• Saved data entries:

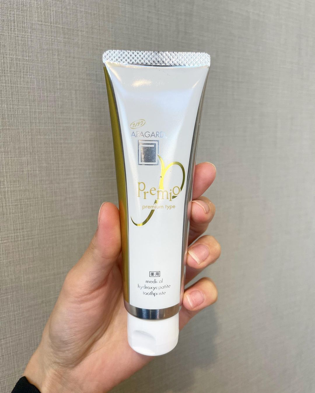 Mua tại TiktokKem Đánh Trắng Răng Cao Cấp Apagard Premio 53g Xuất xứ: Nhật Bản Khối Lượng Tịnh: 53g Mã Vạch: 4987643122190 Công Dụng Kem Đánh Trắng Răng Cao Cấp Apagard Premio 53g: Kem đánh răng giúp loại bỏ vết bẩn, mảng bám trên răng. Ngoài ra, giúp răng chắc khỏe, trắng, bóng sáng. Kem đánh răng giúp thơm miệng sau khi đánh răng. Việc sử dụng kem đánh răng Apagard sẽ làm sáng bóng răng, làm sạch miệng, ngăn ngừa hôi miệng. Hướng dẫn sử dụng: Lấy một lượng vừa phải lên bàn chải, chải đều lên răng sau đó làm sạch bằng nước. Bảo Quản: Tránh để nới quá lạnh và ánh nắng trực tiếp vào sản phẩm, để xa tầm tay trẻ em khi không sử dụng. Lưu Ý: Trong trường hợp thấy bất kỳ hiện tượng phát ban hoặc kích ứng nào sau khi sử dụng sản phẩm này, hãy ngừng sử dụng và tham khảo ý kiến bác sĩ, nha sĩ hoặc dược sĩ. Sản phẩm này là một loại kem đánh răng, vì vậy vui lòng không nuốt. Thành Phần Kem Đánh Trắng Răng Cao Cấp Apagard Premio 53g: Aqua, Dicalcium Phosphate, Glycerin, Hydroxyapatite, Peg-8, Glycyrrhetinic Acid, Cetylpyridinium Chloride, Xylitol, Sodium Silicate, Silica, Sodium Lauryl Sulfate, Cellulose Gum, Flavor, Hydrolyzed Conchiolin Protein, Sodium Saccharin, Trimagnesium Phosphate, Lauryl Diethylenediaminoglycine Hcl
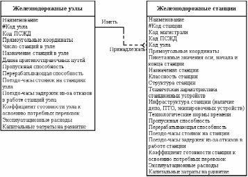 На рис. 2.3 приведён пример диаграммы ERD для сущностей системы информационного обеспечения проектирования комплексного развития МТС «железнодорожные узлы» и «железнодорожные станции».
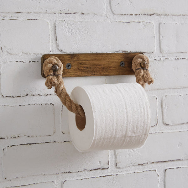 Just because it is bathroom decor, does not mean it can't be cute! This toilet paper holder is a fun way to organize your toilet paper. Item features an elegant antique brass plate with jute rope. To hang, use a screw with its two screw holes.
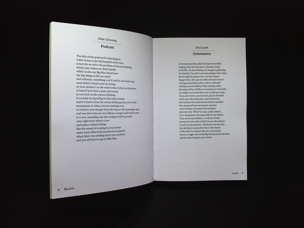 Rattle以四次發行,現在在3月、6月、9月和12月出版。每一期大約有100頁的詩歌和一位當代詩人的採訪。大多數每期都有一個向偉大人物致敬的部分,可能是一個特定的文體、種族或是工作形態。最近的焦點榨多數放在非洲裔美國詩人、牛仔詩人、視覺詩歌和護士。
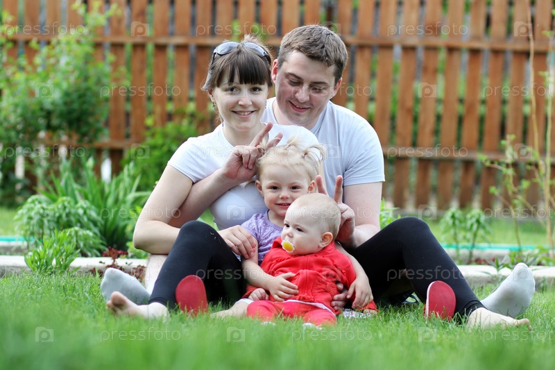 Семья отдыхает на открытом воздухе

• INSTRUCTIONS FOR THE TASK: Please leave out the pictures while you copy exactly the lines from the one containing "Just because it" through the end of the records.

• SOLUTION TO THE PROBLEM:
 Just because it is bathroom decor, does not mean it can't be cute! This toilet paper holder is a fun way to organize your toilet paper. Item features an elegant antique brass plate with jute rope. To hang, use a screw with its two screw holes.
 Rattle以四次發行,現在在3月、6月、9月和12月出版。每一期大約有100頁的詩歌和一位當代詩人的採訪。大多數每期都有一個向偉大人物致敬的部分,可能是一個特定的文體、種族或是工作形態。最近的焦點榨多數放在非洲裔美國詩人、牛仔詩人、視覺詩歌和護士。
 Семья отдыхает на открытом воздухе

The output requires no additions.